§ **What this task involves**
An exact copy of the data below is needed; please leave out any pictures.

§ **Supplied data**
Content starts

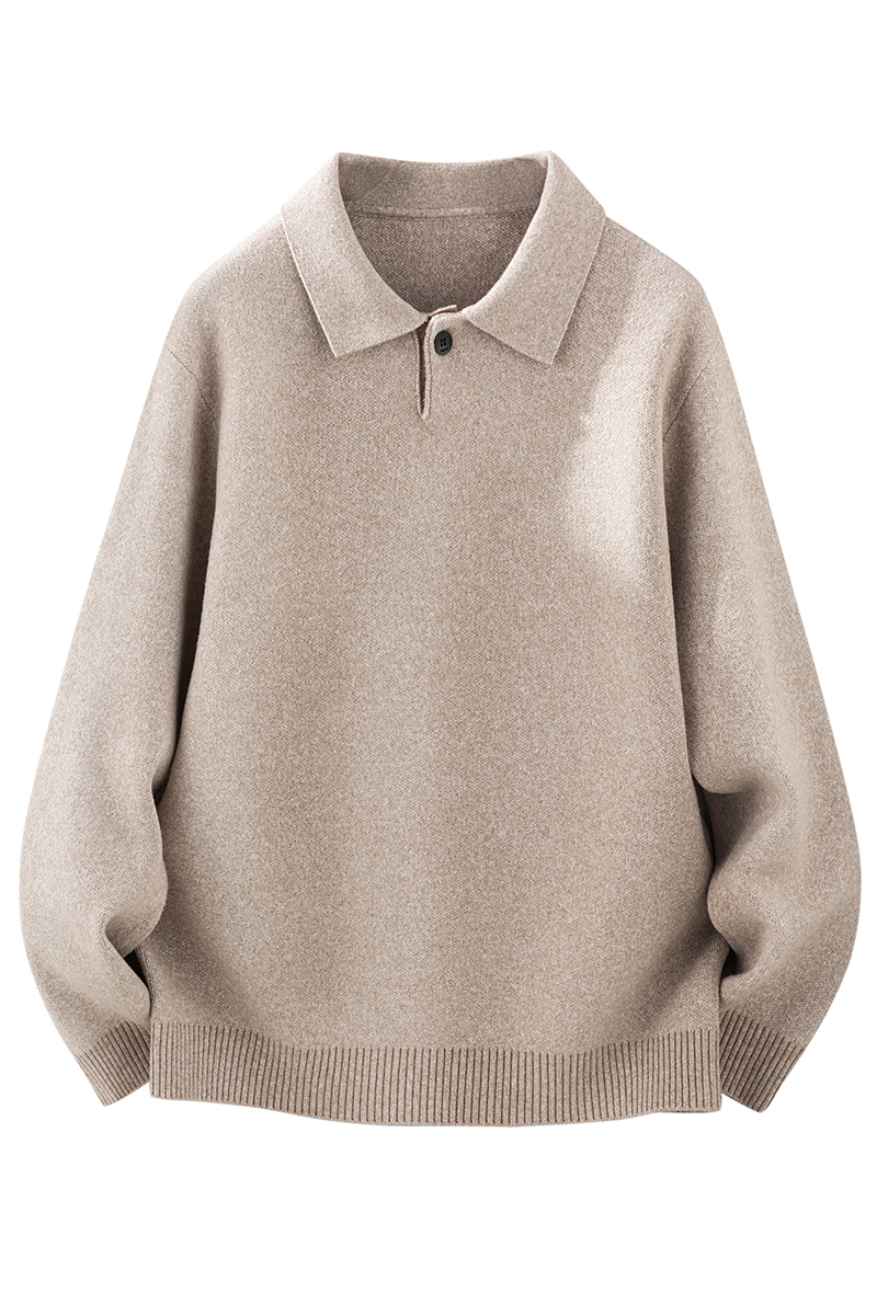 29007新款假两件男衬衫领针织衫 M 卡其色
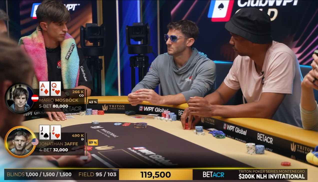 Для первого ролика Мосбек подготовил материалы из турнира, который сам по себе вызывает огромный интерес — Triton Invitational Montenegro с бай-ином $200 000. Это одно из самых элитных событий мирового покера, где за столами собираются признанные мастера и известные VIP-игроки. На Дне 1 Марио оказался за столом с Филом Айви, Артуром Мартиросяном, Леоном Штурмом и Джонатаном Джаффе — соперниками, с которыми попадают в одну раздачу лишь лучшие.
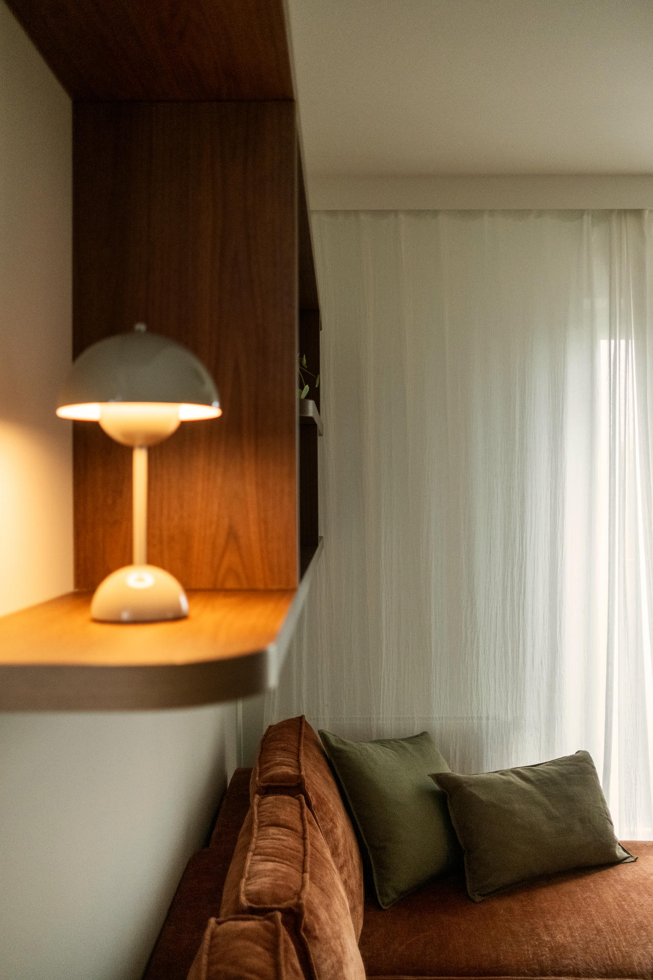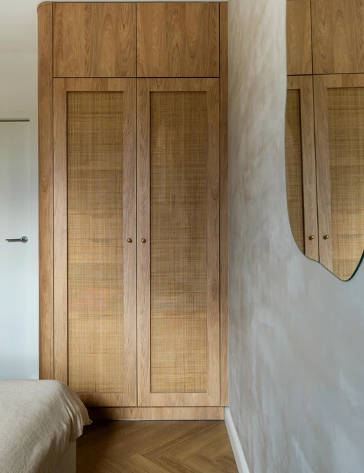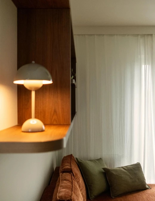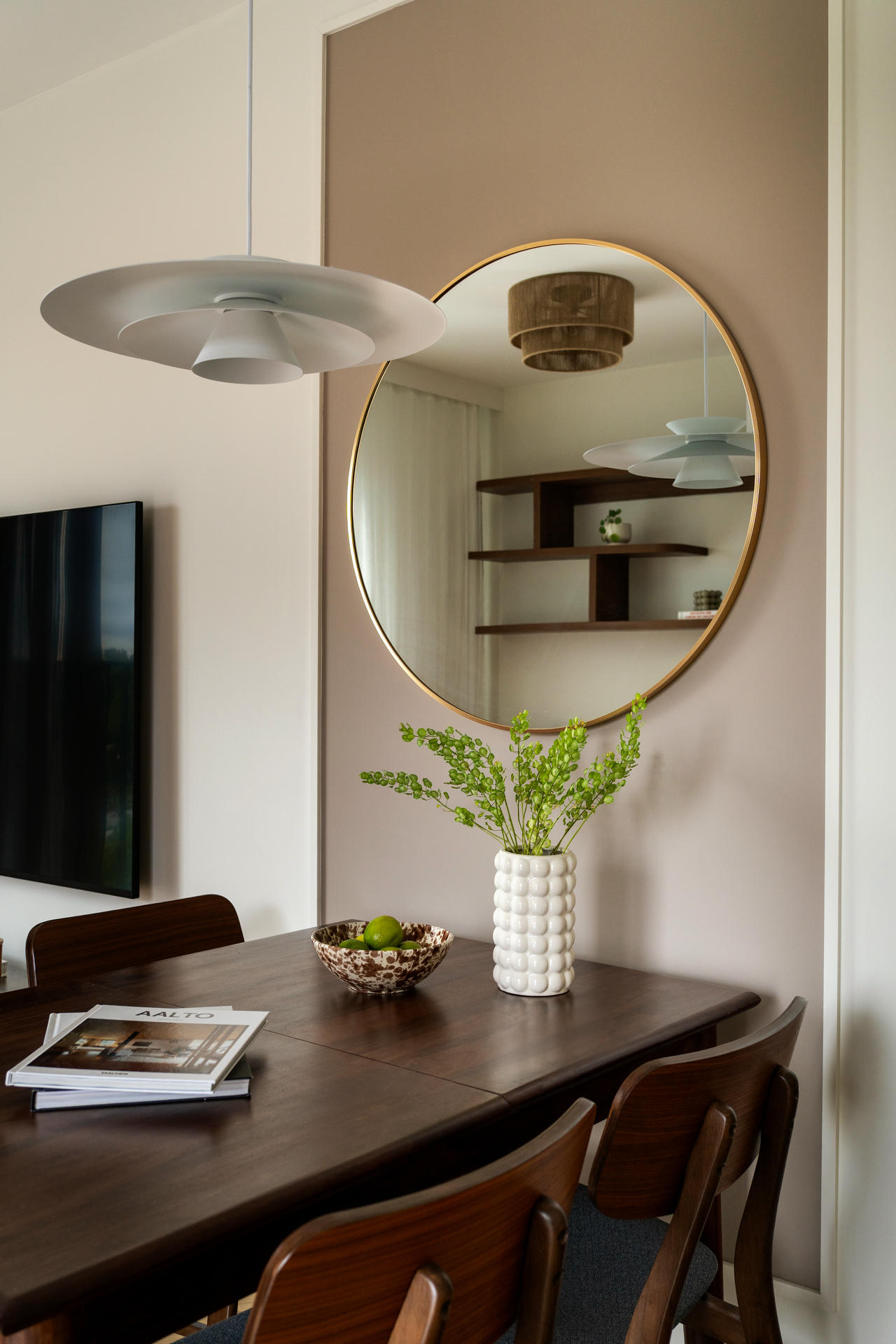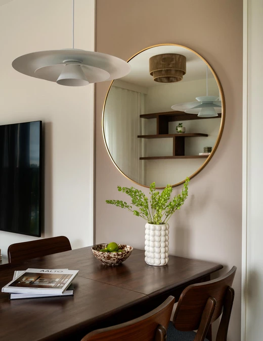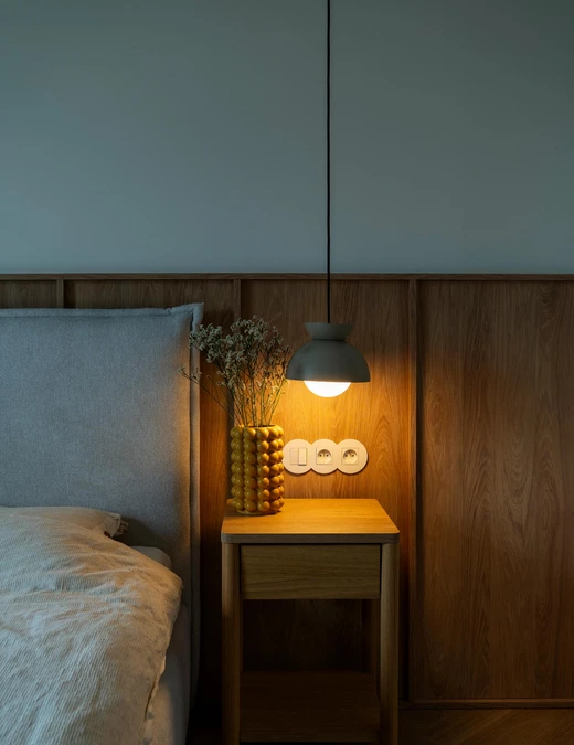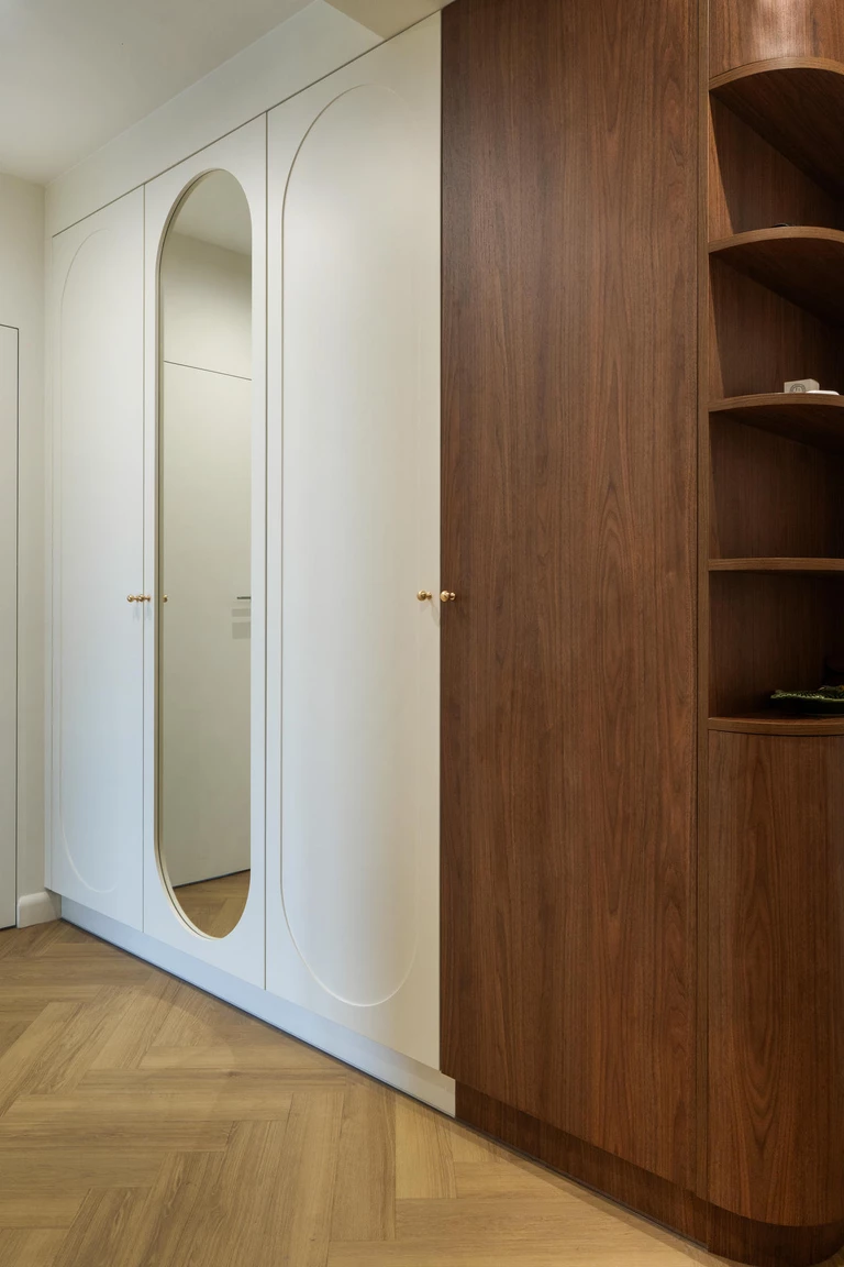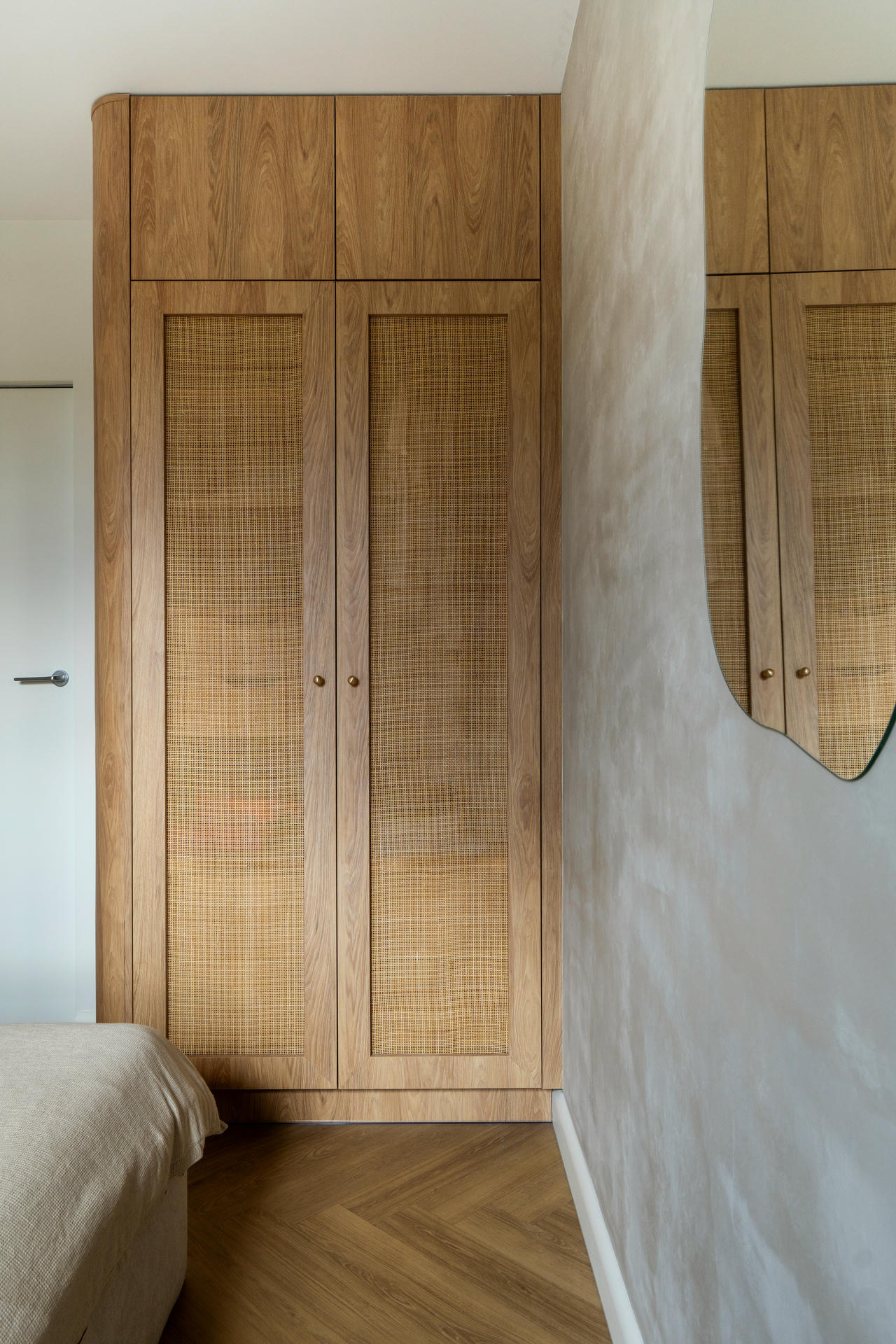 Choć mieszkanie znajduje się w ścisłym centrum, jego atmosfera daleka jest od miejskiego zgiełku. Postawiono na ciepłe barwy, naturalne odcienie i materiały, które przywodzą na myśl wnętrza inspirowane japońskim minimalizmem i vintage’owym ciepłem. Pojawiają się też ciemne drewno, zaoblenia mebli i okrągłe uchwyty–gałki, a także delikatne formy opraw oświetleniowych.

Content ends

§ **Worked solution**
 29007新款假两件男衬衫领针织衫 M 卡其色
 Для первого ролика Мосбек подготовил материалы из турнира, который сам по себе вызывает огромный интерес — Triton Invitational Montenegro с бай-ином $200 000. Это одно из самых элитных событий мирового покера, где за столами собираются признанные мастера и известные VIP-игроки. На Дне 1 Марио оказался за столом с Филом Айви, Артуром Мартиросяном, Леоном Штурмом и Джонатаном Джаффе — соперниками, с которыми попадают в одну раздачу лишь лучшие.
 Choć mieszkanie znajduje się w ścisłym centrum, jego atmosfera daleka jest od miejskiego zgiełku. Postawiono na ciepłe barwy, naturalne odcienie i materiały, które przywodzą na myśl wnętrza inspirowane japońskim minimalizmem i vintage’owym ciepłem. Pojawiają się też ciemne drewno, zaoblenia mebli i okrągłe uchwyty–gałki, a także delikatne formy opraw oświetleniowych.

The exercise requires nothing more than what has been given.